According to a report from CBS News in Boston, approximately 9,745 people have signed a Change.org petition, which is attempting to ban the use of power morcellators in gynecological surgeries.

The petition was started by a Massachusetts woman and her husband after she was diagnosed with stage four leiomyosarcoma, a rare and aggressive variety of uterine cancer.  The cancer was reportedly caused by a uterine fibroid removal procedure she underwent that used a power morcellator.  The couple told CBS that new signatures are added daily by different women and their loved ones who have suffered similar injuries.

Morcellation Cancer Woes

Morcellator devices are robotic surgical tools used for minimally-invasive surgical procedures such as those used to remove fibroids, the uterus, ovaries and fallopian tubes. The morcellator’s popularity is attributed to the fact that it is minimally invasive, and requires less hospital time.

The device works by cutting up tissue into smaller parts to insure easy removal through a small abdominal incision.  Medical experts believe that during the removal process, the cancerous sac is punctured and is allowed to spread through the body.  Uterine sarcomas are impossible to detect beforehand, so women often simply carry the risk during the surgery.

According to court documents, a number of morcellator cancer lawsuits are new pending in district courts all over the United States.  Each lawsuit represents a woman who allegedly started suffering from aggressive uterine cancer after using the surgical tool.

The most recent morcellator cancer lawsuit was filed by a woman in the district of Northern California on May 13, 2014, in which a woman alleges that after using a Wolf Power Morcellator she was diagnosed with uterine cancer (Case No.

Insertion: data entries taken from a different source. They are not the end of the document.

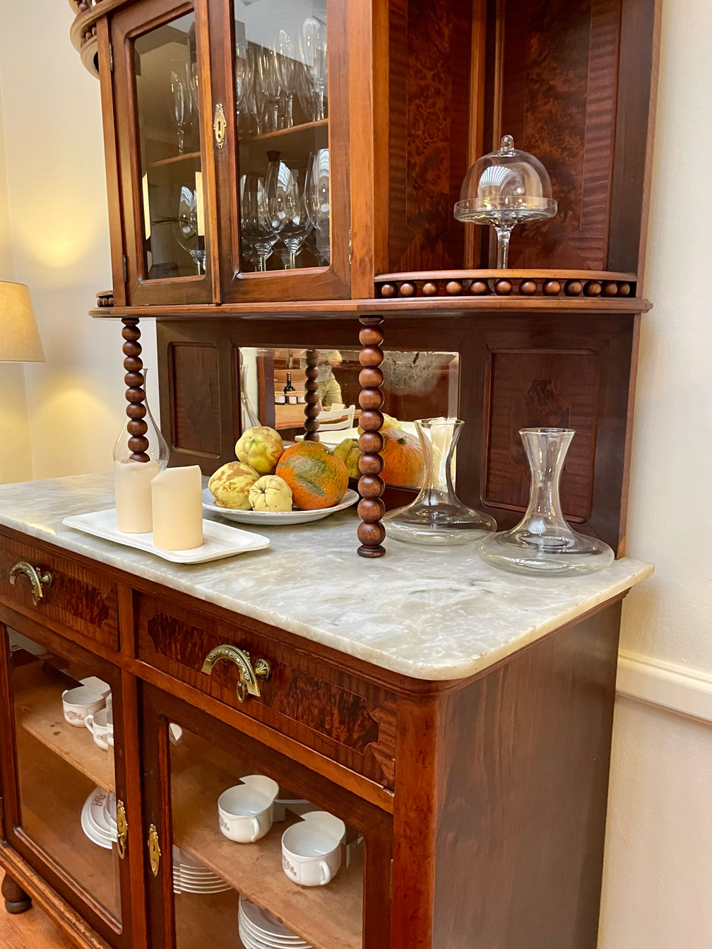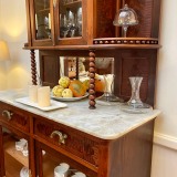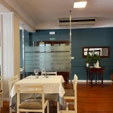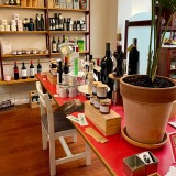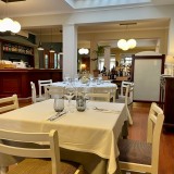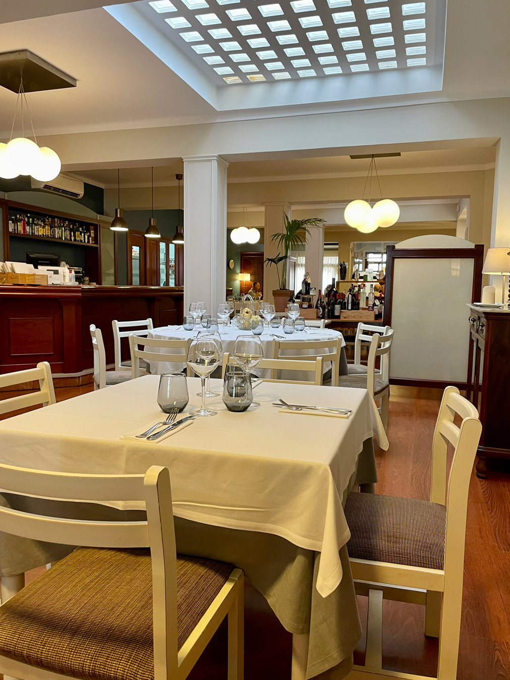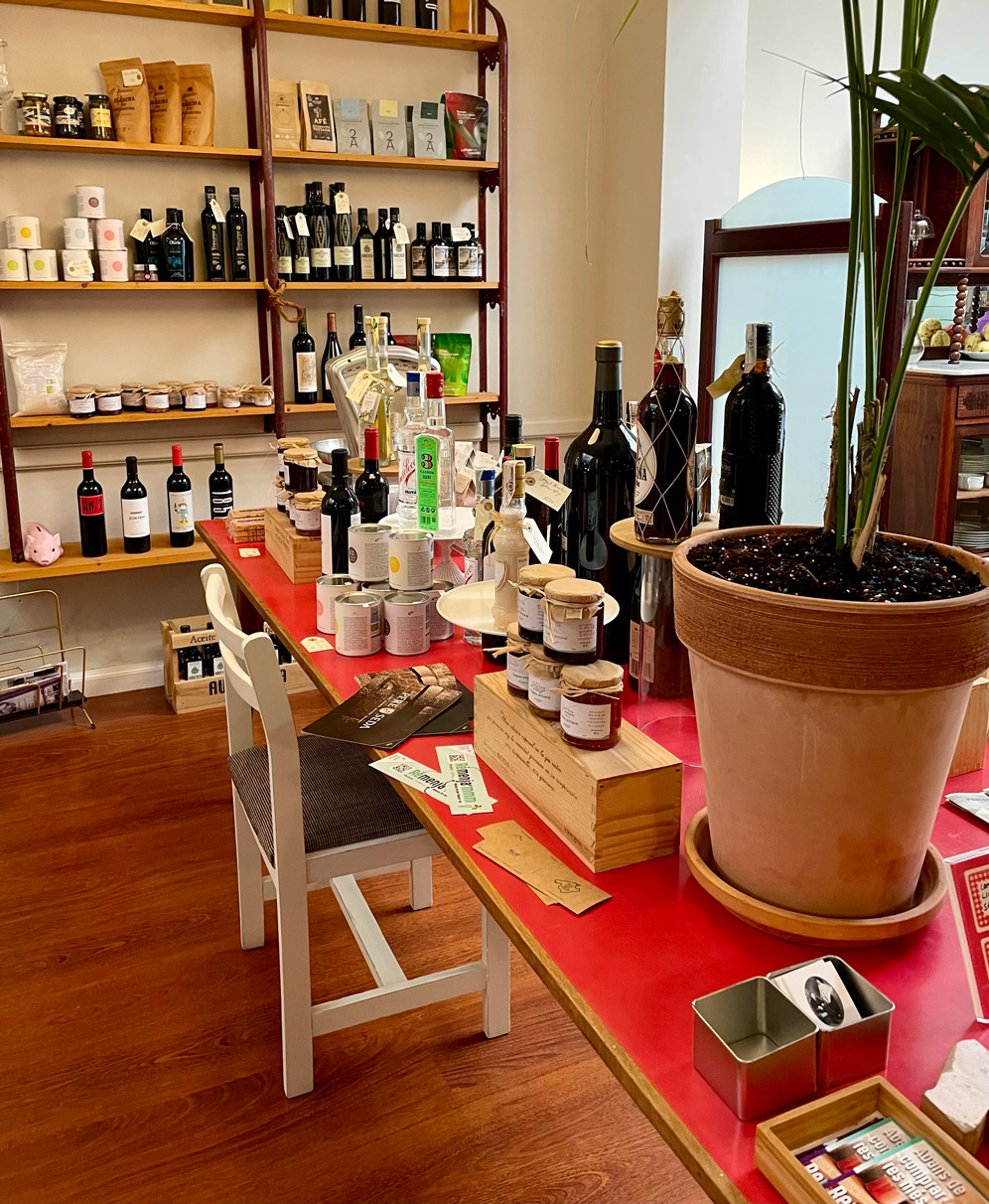 The restaurant is smart, with white tablecloths and gleaming glasses and cutlery. The contemporary décor includes a wall display of framed, old photographs, a handsome grandfather clock, and some traditional furniture. In the centre of the restaurant, a small retail area offers local food products and artisan goods for sale – a good opportunity to pick up a foodie gift or two.
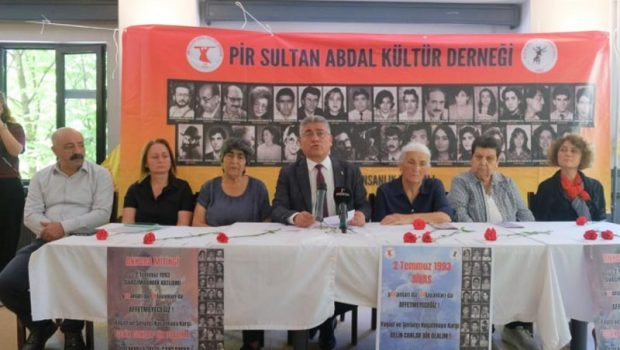 Pir Sultan Kültür Derneği (PSAKD), 33 aydının yaşamını yitirdiği Madımak Katliamı’nın yıldönümünde yapacakları anmaya dair Mülkiyeliler Birliği’nde basın toplantısı düzenledi. Dernek üyeleriyle birlikte yapılan toplantıda açıklama yapan PSAKD Genel Başkanı Cuma Erçe, “Emekten, laiklikten, Eşitlikten yana olan, özgür ve kardeşçe yaşayacağımız aydınlık Türkiye diyen, halkına ses, karanlığa ışık olan tüm dostlarımızı 2 Temmuz’da Sivas’a ve bulundukları her yerde alanlara çağırıyoruz. Faşist ve şeriatçı kuşatmaya karşı birlikte mücadeleye çağırıyoruz. Unutmadık, unutmayacağız, unutturmayacağız” dedi.
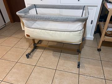 Culla e lettino da affiancare per neonato con materasso e funzione dondolo Regolazione in altezza a 5 livelli Opzione d’inclinazione Arioso co-sleeping portatile culla 2 ruote (Beige).
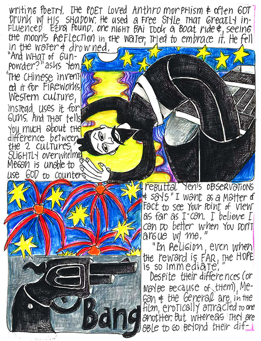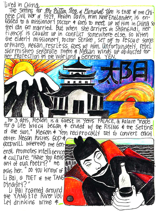 For three days, Megan is a guest in Yen’s palace, a palace “made for a life which began and ended with the rising and the setting of the sun.” Megan and Yen reciprocally try to convert each other. Megan pushes God and goodwill whereas the General promotes intelligence and culture. “Have you read any of our poetry?” he asks her. “Do you know about Li Bai, a poet of the Tang Dynasty?”
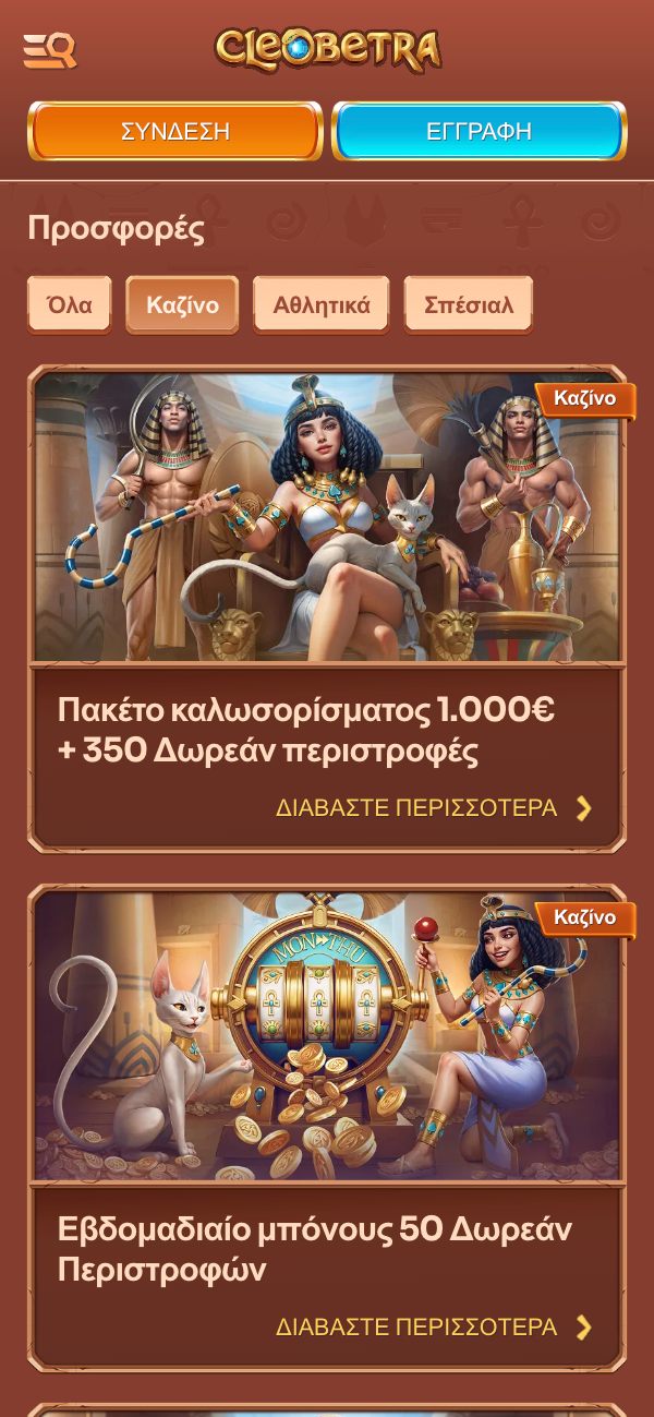 Δεν είναι μυστικό πως η πλειοψηφία των παικτών προτιμά να παίζει στα online casino από το κινητό. Όσοι από εσάς το προτιμούν τότε θα χαρείτε ιδιαίτερα όταν αντικρίσετε για πρώτη φορά την mobile έκδοση του Cleobetra καζίνο. Η πλατφόρμα όχι μόνο λειτουργεί άψογα αλλά οι χρόνοι φόρτωσης είναι πολλές φορές γρηγορότεροι σε σύγκριση με την desktop έκδοση.
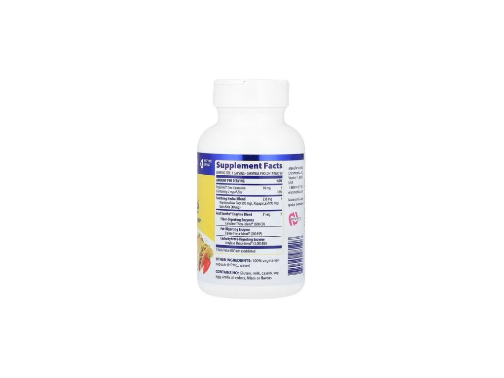 Enzymedica Acid Soothe – 90 kapslí je jedinečný doplněk stravy navržený k podpoře zdraví žaludeční sliznice a k úlevě od občasného pálení žáhy. Kombinuje sílu enzymů, zklidňujících bylin a patentovaného PepZinGI® zinku-karnosinu, který chrání a regeneruje žaludeční sliznici. Tento produkt pomáhá rozkládat potraviny vyvolávající pálení žáhy, zmírňuje nepříjemné pocity a podporuje celkové zdraví trávicího systému.
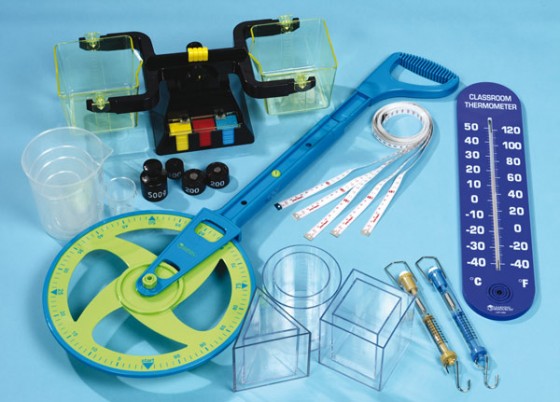 25 Teile: Federwaage (1 kg), Federwaage (250 g), Bandmaß (5x 150 cm), Bandmaß (10 m), Messbecher, Liter-Set, Rolltacho, Wandthermometer, Balkenwaage, Zusatzgewichte, Aufbewahrungsbox
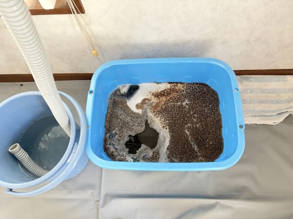 ファンの汚れが流れると、洗浄廃水がすごいことになります。

Case5:14-cv-02209-PSG).

Some healthcare professionals are reportedly excited for this petition to take place because they believe that adequate attention will be given to this issue.  It is the hope that this product will not be as aggressively advertised, and that better safety precautions will be adapted to prevent future occurrences of uterine cancer.

The FDA launched an official inquiry into power morcellation cancer concerns in December 2013, which urged doctors to not use this device for laparoscopic procedures.

The FDA estimates that one out of every 352 women that undergo a hysterectomy using a power morcellator are suspected to have uterine sarcoma, and about one out of every 498 women have leiomyosarcoma (LMS).  With such significant risks, medical experts have also argued that morcellators may offer more danger than safety, supporting the petition.

Updates on Morcellator Cancer Complications

The FDA met to discuss the progress of their morcellator cancer investigation on July 10.  Together with the Obstetrics and Gynecological Devices Panel, the agency discussed the cancer risk and recommendations for the pre-market testing, labeling, and risk mitigation of future morcellator devices.

Due to the severe criticism from the FDA and the public, Johnson & Johnson has announced that it is suspending sales of several of its morcellator devices until the FDA can provide proper guidance for the product’s safety.

Victims of these injuries are suing Johnson & Johnson and Ethicon on product liability charges. Specifically, these lawsuit contend there were no warnings or indications on the devices, and that the medical devices were not properly tested before being released to the market.